Но вся такая воображаемая картина пропадала, как только на полотно шлепалась меловая капля. Ефросиньины ребятишки тяжело вздыхали. А Галинка утешала меня:

— Ничего, сотрем. Ты спокойнее.

Опять я много взял белил. Теперь эти кляксы надо соскребать ножом. Расфантазировался, дуралей!

В конце концов лозунги были готовы, и мы для просушки растянули их вдоль лавок. В это время все в избе уже спали, и я осмелился спросить Галинку севшим от волнения голосом:

— А ты меня… А я поеду? Меня возьмете?

Я думал, что если комсомольский обоз, то одни комсомольцы и должны ехать.

— Ну как же, конечно, возьмем, — сказала Галинка. В ее глазах отразилось удивление: как, мол, тебя не брать, если ты и овес жал, и зерно по печам развозил, и лозунги пишешь.

Мне стало так радостно, что я чуть не запел.

Спать мне не хотелось. Ночью я лежал на полатях, запустив руку в тяжелую теплую рожь, пропускал зерно между пальцев и беспокоился, просохнет ли. Для большого обоза надо много зерна. Вдруг его не хватит?!

Утром, когда за окном еще было серо, раздался стук в раму. Галинка! Страшно хотелось спать и вообще невозможным казалось встать, а Галинка все постукивала в раму, пока я не подбежал к окну.

— Паша, Паша, выходи! — звала она.

— Сейчас! — ответил я и стал обуваться.

Лозунгов на лавках уже не было. Значит, Галинка еще раньше взяла их.

Я сунул ноги в галоши и выскочил на волю. Галинка была уже далеко, около Ванюриной избы. Студено, серо, зевается беспрестанно. Ноги не расходились и подвихиваются. Стылый воздух рвется в грудь. Я кутаюсь в телогрейку и бегу к конному двору. Под моими галошами, надетыми прямо на шерстяные носки, сочнем хрупает белый ледок. Он везде: на лужах, в коровьих следах, в колее. Иней облепил все ветки, выседил траву. И пруд наш льдом затянуло, будто застеклило. Рано нынче нагрянули утренники. Одно хорошо — сухая будет погода. Но все равно обратно бы в избу теперь да на полати.

А Галинке вроде совсем не холодно. Она, разгоряченная, подвижная, вовсю распоряжается нами, успевает выводить из конюшни лошадей. Запрягла для меня мерина Цыгана с прилаженным над телегой плакатом: «Хлеб — фронту!» Вот мне какая честь! Я смотрю на эти необыкновенно красиво написанные слова, и меня распирает гордость. Я писал! Но никто не восхищается моим мастерством. И я смотрю на плакат уже иначе, строже: и буквы мне кажутся не такими красивыми, а восклицательный знак коротковат получился, и следы от клякс на солнце заметны! Жаль, что нельзя ничего переделать. Недосуг.

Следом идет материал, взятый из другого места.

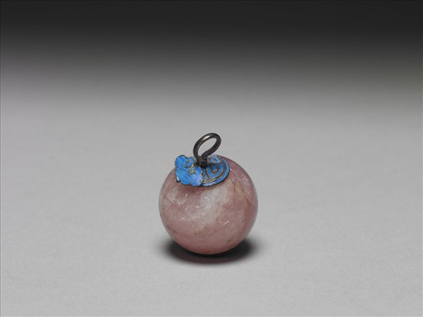 粉紅色碧璽鈕子,圓球狀,有通心穿,金屬條貫穿其間,固定了通心穿兩端的壽字紋金屬飾片。金屬條一端拗彎如鉤狀。碧璽粉紅略透,正與飾片上明亮的藍色互相襯托,一起吸引人們的目光。
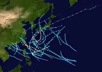 The scope of this article is limited to the Pacific Ocean, north of the equator and west of the International Date Line. Storms that form east of the date line and north of the equator are called hurricanes; see 1945 Pacific hurricane season. Predecessor agency to the Joint Typhoon Warning Center (JTWC), Fleet Weather Center/Typhoon Tracking Center was established on the island of Guam in June 1945, after multiple typhoons, including Typhoon Cobra in the previous season and Typhoon Connie in this season, had caused a significant loss of men and ships.[1][2] It would not take major responsibility in the West Pacific basin until 1950 season.[1] Instead, storms in this season are identified and named by the United States Armed Services, and these names are taken from the list that USAS publicly adopted before this season had started earlier this year.[3][4] Since this is the first season to be included in the West Pacific typhoon database, this would also be the first season where the names of Western Pacific tropical cyclones are preserved publicly.
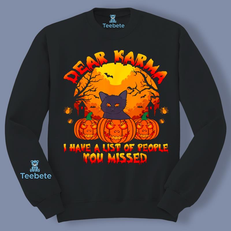 Don’t miss out on the chance to flaunt your personality while celebrating the season. This black cat and pumpkin shirt is not just a fun piece of apparel; it’s an ideal gift for friends or family who cherish Halloween. Make a statement and let your style shine with the Dear Karma I Have A List Of People You Missed Black Cat Pumpkin Shirt Cotton—the perfect addition to any Halloween celebration!
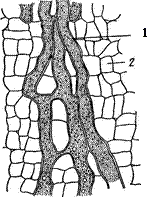 Приготовьте и изучите продольный срез корневища одуванчика, найдите во вторичной флоэме млечники, а при большом увеличении микроскопа рассмотрите латекс (густое зернистое содержимое млечников). Зарисуйте участок лубяной паренхимы с млечниками, укажите латекс, клетки лубяной паренхимы.

Наверное, раньше так работали в шахтах. На четвереньках, в три погибели, нагребали мы в мешки зерно на печах. Тут уже не один пот с меня сошел. Зерно теперь было душистое, вкусное. Отлично просушила его печь. Хозяйки не раз вставали ночью, ворошили его, чтоб лучше просохло. Я знал, так делала Ефросинья. Какие заманчивые картины вызывал его вид и запах. Размели его и пеки из муки что хочешь: хлеб, оладьи, ватрушки, пироги. Даже слюнки потекли.

Мы сгребали с лежанок все до зернышка, под веник. Печь после этого становилась пустой и унылой. Большеглазые от недоедания ребятишки с тоской смотрели, как мы выносим мешки. Под их взглядами тяжелела и становилась неуклюжей ноша.

Было бы у них на печи столько хлеба, вовсе не страшной представлялась бы будущая зима. А теперь она пугает. Но что сделаешь? Вот закончится отправка зерна для государства, и, может быть, даст Сан хлебушка по трудодням.

Обычно ехать было скучновато. Выедешь за околицу и, когда начинает свою привычную работу солнце, подремываешь. Лежишь и дремлешь под скупым осенним теплом.

В полях уже грусть. Скоро станет вовсе тоскливо. Но пока вроде тепло. Иней исчез, и паутина на стерне сверкает драгоценными бусами. Если бы навсегда они затвердели, я бы набрал целые пригоршни таких росяных ниток и подарил Галинке. Пусть носит.

С прясел кричат что-то недоброжелательное отяжелевшие за лето вороны. Дорога течет под колеса, кажется нескончаемой.

А в тот день поездка получилась необычной. Да и сами мы казались себе не такими, какими были, а значительнее и взрослее.

Тарахтит телега. На пригорке я поднялся на ноги, оглянулся. Ух ты, сколько нас! Наши коробовские, дымовские, целых восемнадцать подвод! Молодцы дедушка и Митрий Арап! Вон сколько телег привели в дело. А мои плакаты выглядят ничего, весело краснеют над телегами. Напоминают праздничную демонстрацию.

Во всех придорожных деревнях от изб смотрели на нас из-под руки старухи, шевелили блеклыми губами, читая лозунги. Мальчишки, завидев необычные подводы, срывались с места и наперегонки неслись к полевым воротам, загодя открывали их. Не канючили, как обычно, гостинчика, а замирали по-солдатски, руки по швам, или махали нам. Не кто-нибудь едет — комсомольский обоз везет хлеб для фронта. Они это понимали. Вон рожицы какие радостные и смышленые.

На приемном пункте сторож, припадая на некрашеную деревянную ногу, прошел вдоль возов, потеснил обычных сдатчиков.

— Расступись, расступись. Организованный комсомольский обоз! — покрикивал он, ведя за узду Галинкину лошадь.

Не знаю, как других, а меня в жар бросило от всеобщего внимания, от нашей необыкновенности.

У амбара ловко вскочила на мою телегу товарищ Сокол.

— Митинг считаю открытым!

Она была в том же дождевике, с той же командирской сумкой в руке, но без шапки. Я с изумлением увидел, что у товарища Сокол совсем девчоночья толстая коса. Оказывается, она очень молодая.



Уполномоченная рубила рукой воздух и говорила о том, что каждое наше зернышко — это пуля по врагу. И чем больше будет таких обозов, тем больше пуль полетит в фашистов, тем ближе станет день победы. Победа зависит от каждого из нас.

Красиво и сильно говорила товарищ Сокол. Даже что-то волной поднималось в груди.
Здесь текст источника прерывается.